张晴窗原籍长沙,20岁来到修水从事革命活动。1926年在修水加入共产党,国共合作时期受共产党委派在国民党中任职,秋收起义期间在修水组织农民暴动,失败后返长沙学习,结业后在国民党军中任文书,军需等职。1937年复来修水居住,重组农工民主党任主任,解放前夕组建民主自卫军,任政委,在官兵中进行革命宣传,为迎接修水和平解放作出了极大努力。
解放后他在修水担任过区长,县政协副主席,新华书店,图书馆等领导职务。
这么一个经历复杂的人,注定命运坎坷,在文化大革命那场灾难中,在劫难逃。
文革前,在县城余家巷财神庙后面的工商联祠堂,有一个高高的石库门,最里面住着我家,我老爸当时是工商联主任,和我家相邻的是张晴窗一家。那时我只有几岁,不懂事,如果我要知道张伯伯是一个干过很多大事的人,一定会佩服的不得了,我是个好奇心极强的人,我一定会缠着他给我讲他过去惊险的革命故事。现在,这个老祠堂仍存留在。
张伯伯给我留下模糊印象:瘦瘦的身材瘦瘦的脸,中等个子,带副深度近视眼镜,安静儒雅,眼神犀利,外型用一个人来比喻的话,有点象电影《红岩》中的叛徒甫志高,张伯伯给人的感觉有点狡黠,难怪文革中其中有顶帽子是叛徒,更要怪他解放前一会儿给共产党干,一会儿给国民党干,这种颠来倒去的身份,文革哪会放过他。
张伯伯家里书香气氛浓郁,书架上有很多书,墙壁上挂有古字画,古红木家具,青莲花瓷鼓桌凳,家中干静整洁,透视着主人家的气度和修养,和我家破破烂烂相比,没法比。
张伯伯在图书馆任馆长时,我和他最小的儿子因同龄常常一起去图书馆玩耍。那时图书馆地址在现在的武装部,图书馆很安静,我们是小孩,他不撵我俩,只是和气叫我俩不要大声吵闹。
文革开始,造反派抄了我家,也抄了张晴窗的家。抄张家时,怀疑他家藏有武器,因他在国民党军队干过,还在修水组建过自卫武装,把他家的地板全部撬开,挖地三尺,枪没找到,还真的找到了几颗子弹壳作为罪证。

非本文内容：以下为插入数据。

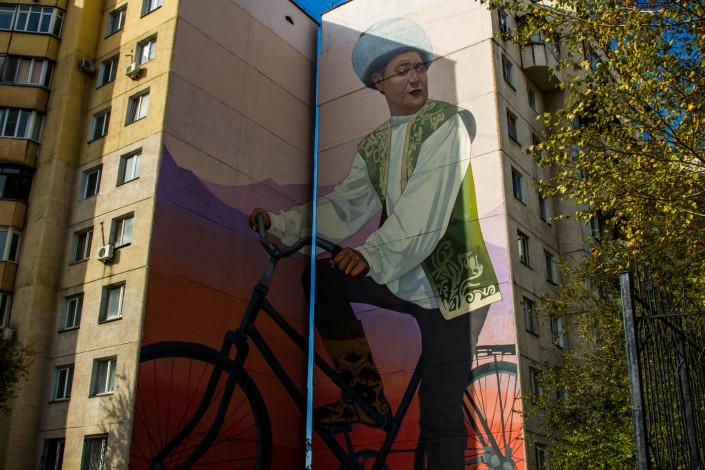 Как и многие его муралы, работа в Алматы посвящена мотивам людей и природе. Каждая его работа рассказывает свою определенную историю. На расписанном фасаде южной столицы Казахстана изображен молодой мужчина в национальном костюме на велосипеде на фоне гор.

在那个是非颠倒的年代,我不知给他带了多少顶莫须有的帽子,游了多少次街,罚了多少次跪,挨了多少次打,精神和肉体受到了严重伤害和摧残。
没有人格,失去尊严的他,对生命对前途失去希望和信心。1968年他在黄田里隔离审查,监督劳动期间,用一根绳索,结束了自己62岁的生命,死了,还背上一个罪上加罪的罪名:顽固不化,自绝于人民。
他死得冤,白色恐怖里,没有要去他的脑袋,红色政权下,自己不想要自己的脑袋。
后来虽然平了反,但对于一个死去的人,我认为没有任何意义。
我算了一下,他如果活到现在,刚好是百岁老人,当初,他作了一种消极的选择。
68年秋,张晴窗去世后,他的夫人带着孩子下放去了黄沙港,我家也下放去了杭口,结束了这种邻居关系。
我写这篇短文的目的,是我在38年之后,才发现这个邻居伯伯,这个其貌不扬,甚至有些含蓄的人,居然有这么不凡的传奇经历,令我钦佩和敬仰,令我难过和惋惜。他不幸的人生和结束自己的方式,我将永生难忘。